(Originally posted 2012-03-23.)
You’d think it would be pretty simple to draw a line. Right?
This post discusses an enhancement I’d like to make to my current reporting – and I’m pretty sure that technically I can do it. The question is whether I should.
Consider my current "Memory by address space within Service Class" graph. Here’s a sample:
And here’s what I think I might like it to look like:
Obviously the line’s been drawn on by hand. I haven’t written any code to achieve the enhancement. And, yes, the data’s real – apart from the drawn-on line. I feel pretty safe (on behalf of the customer) in showing you this as it’s VERY generic. But, no, I can’t promise the drawn-on line’s in the right place.
Let’s talk about:
- Motivation and Usage
Motivation and Usage
When I throw graphs at you I see myself as "story telling". Hopefully an accurate story, certainly one I believe in.

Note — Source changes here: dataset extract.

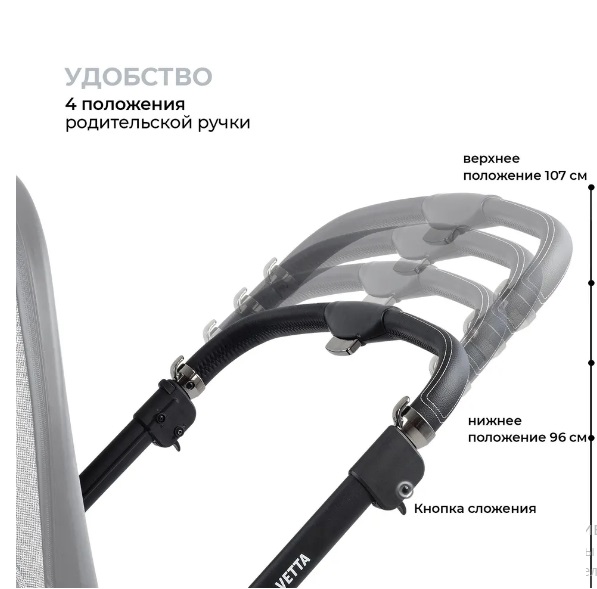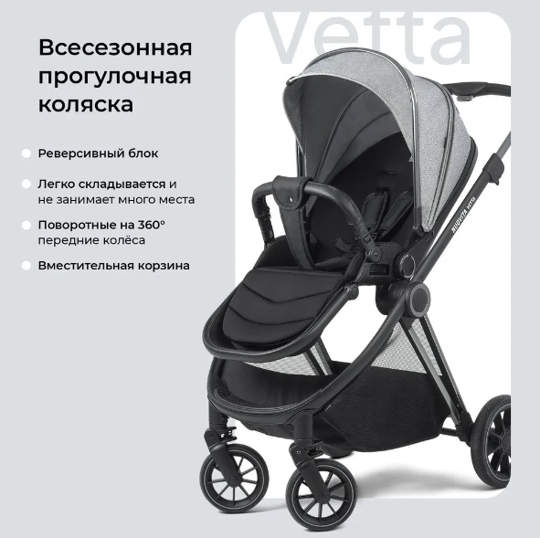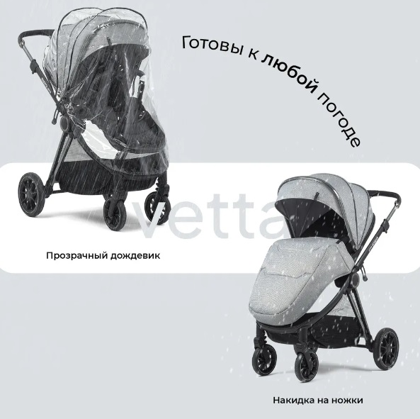 Модель VETTA также можно использовать как детскую коляску для путешествий: она легко складывается и не занимает много места, поэтому ее удобно брать с собой в поездки на машине или на поезде.

So, when working on my code I ask the question "how does this affect the story telling?"
Here’s how I normally tell the (e.g) CPU story:
- Talk about CPU usage by processor pool by LPAR1 and stacked up to give the machine view.
- Break down CPU usage by WLM Workload and the Service Class2 – again by pool.
- Likewise by address space within a Service Class.
- Possibly break down address space CPU to e.g. Transaction – assuming CICS or DB2 are "in play".
When you’ve done that you certainly know where the CPU is going. You do the same thing for memory – right until you get to Step 4.
The concept of "capture ratio" is well known and bridges the gap between Step 1 and Step 2 – for CPU3. It doesn’t make sense to draw the proposed line for this case.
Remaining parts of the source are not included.